Woman photographer Heather Agyepong discusses igniting new conversations around Bristol’s art collections for Bristol Photo Festival 2021.
‘Beyond the Frame’ features images by Jessa Fairbrother, as well as Contemporary Heroines Heather Agyepong and Lua Ribeira, interspersed within the Bristol Museum & Art Gallery. In a series of separate interventions, the artists’ works are displayed amongst the galleries in order to spark new conversations regarding the museum’s art collection. Jessa Fairbrother’s intervention questions historic depictions of womanhood through the staging of her images – which explore the themes of femininity and motherhood – among pre-Raphaelite paintings and modern French art. For the intervention titled ‘Craving Gaps’, a selection of Lua Ribeira’s images are distributed within the museum’s Renaissance, modern and contemporary galleries with the motivation to “question the role images play within the social construction of groups and categories.” Lastly, Heather Agyepong’s intervention ‘Memorialization in the Age of Forgetting’ offers a postcolonial perspective on the gallery, featuring her images amongst the 18th century Grand Tour paintings. Overall, ‘Beyond the Frame’ offers a refreshing take on the museum as a site of cultural heritage and what that means for those who have been left out or misrepresented. The exhibition is currently on display at the Bristol Museum & Art Gallery until the October 10 2021.
Hundred Heroines’ has caught up with Heroine Heather Agyepong to discuss her intervention ‘Memorialization in the Age of Forgetting’. Her intervention features images from her 2016 series ‘Too Many Blackamoors’, which was inspired by re-enactment phototherapy and her own experience as a “young Black woman, dealing with the macro and micro traumas of racism encountered while travelling around European countries.” Read on to find out more about what Heather hopes viewers will gain from the exhibition.
Too Many Blackamoors (#2), 2015, © Heather Agyepong. (Courtesy of the artist-Autograph ABP)
Enez Nathié: ‘Beyond the Frame’ hopes to create new conversations regarding the Bristol museum’s art collections. Why do you think this is an important task (both on a smaller scale and regarding cultural heritage at large)?
Heather Agyepong: I think Bristol as a city is going through a transitional time; questions around erasure, memory and memorization are all at the fore and I think art galleries and museums play a part in our collective legacy. My intervention speaks to those questions and just gently asks who do we remember and who is missing? I believe those queries help expand our knowledge on who we are; both locally and in a wider context. They help us create a more expansive and truthful representation of what artists contributions are worth collecting and also educating the next generation on. Any organisation that has public funds attached to it has that responsibility.

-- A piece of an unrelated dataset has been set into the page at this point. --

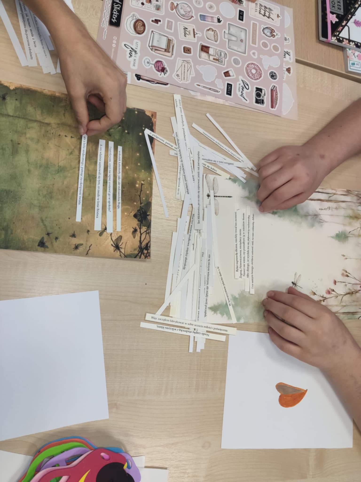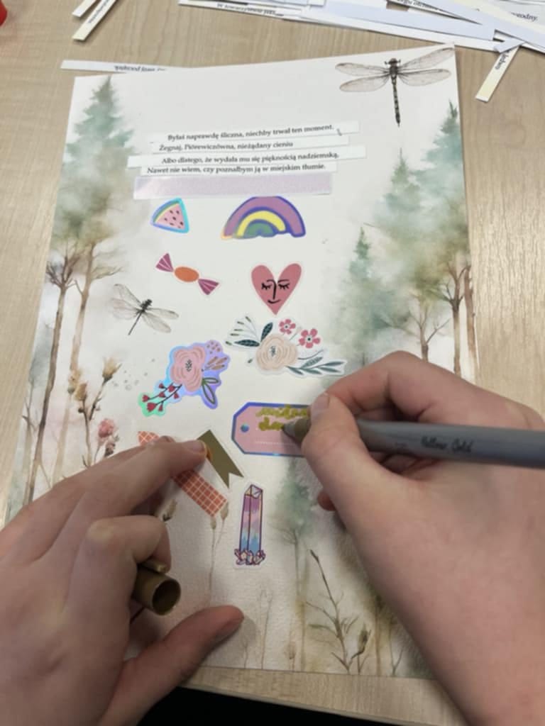 Zajęcia przeprowadzone na oddziałach szpitalnych miały charakter warsztatów literacko-plastycznych. Pierwszego i drugiego dnia uczniowie przepisywali wybrane przez siebie wiersze Czesława Miłosza – powstały piękne, starannie wykonane prace, które sprawiły dzieciom i młodzieży dużo radości. W kolejnych dniach uczniowie tworzyli własne wiersze z fragmentów utworów poety – był to tzw. „bigos poetycki” , który pozwalał na zabawę słowem oraz osadzanie tekstów w nowych, nieoczywistych kontekstach. Na zakończenie Tygodnia Literackiego uczniowie mieli okazję zapoznać się z techniką „blackout poetry” i tworzyć wiersze ze słów poety, zamalowując pozostały tekst, oraz ozdobić je w niekonwencjonalny sposób.

EN: What conversations do you hope are sparked from the displaying of your photographs from ‘Too Many Blackamoors’ amongst the Grand Tour paintings from the 18th century?
HA: If the work can make people ask questions around representation, erasure and the missing then I’d be happy with that.

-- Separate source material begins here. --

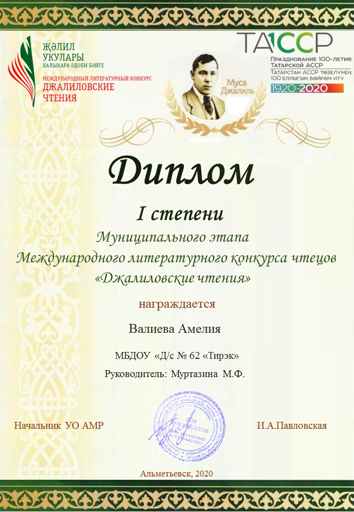 Валиева Амелия воспитанница подготовительной группы и Валиева Сабина воспитанница средней группы участвовали в муниципальном этапе Международного литературного конкурса чтецов "Джалиловски чтения" и награждены дипломом 1 степени (Валиева Амелия) и дипломом 3 степени (Валиева Сабина). Поздавляем! -

EN: Your 2016 series ‘Too Many Blackamoors’ is inspired by 19th century cartes-de-visite of the West African adopted goddaughter of Queen Victoria, Lady Sarah Forbes Bonetta. Why did you choose Sarah Forbes Bonetta as a template for this series?
HA: I found Sarah Forbes Bonetta’s story fascinating, but I was particularly interested in the loss and distress she must have felt being taken to a strange place, away from her family and given this new identity. Ideas around mental health, Black female fragility and images of softness was something I found easier to access with Forbes Bonetta as my muse. By looking back on her life, it helped me to face many issues that were right in front of me.

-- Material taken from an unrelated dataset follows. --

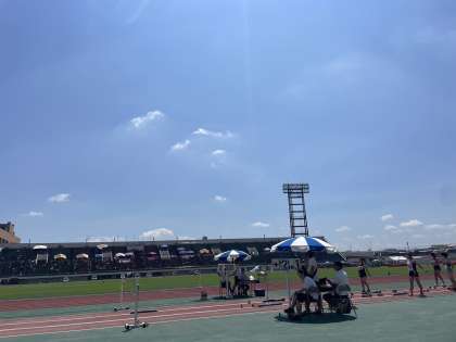 昨日に引き続き現在35℃と厳しい暑さですが、女子ハードルでは2名が自己ベスト、1名が予選通過を決めています。女子砲丸投も予選通過を決め、女子幅跳びでも自己ベスト更新者が出ており順調な滑り出しです。

EN: In one of the images in the series you are holding a copy of ‘Staying Power: The History of Black People in Britain’ by Peter Fryer which features Queen Elizabeth’s letter to the London Mayor in 1596 which inspired the title of your series. How has researching Britain’s history been important to your artistic work?
HA: It’s an education right. No one told me anything at school. I was taught that history about black people started and ended with violence. There was no nuance, no joy and it was very American for me. I was never told about any Black British history. Doing my own research now, I really got an understanding about this idea of gatekeepers, how value is assigned to certain stories and how oppressive and dangerous these historic omissions actually can be. Looking back has been both therapeutic and galvanizing.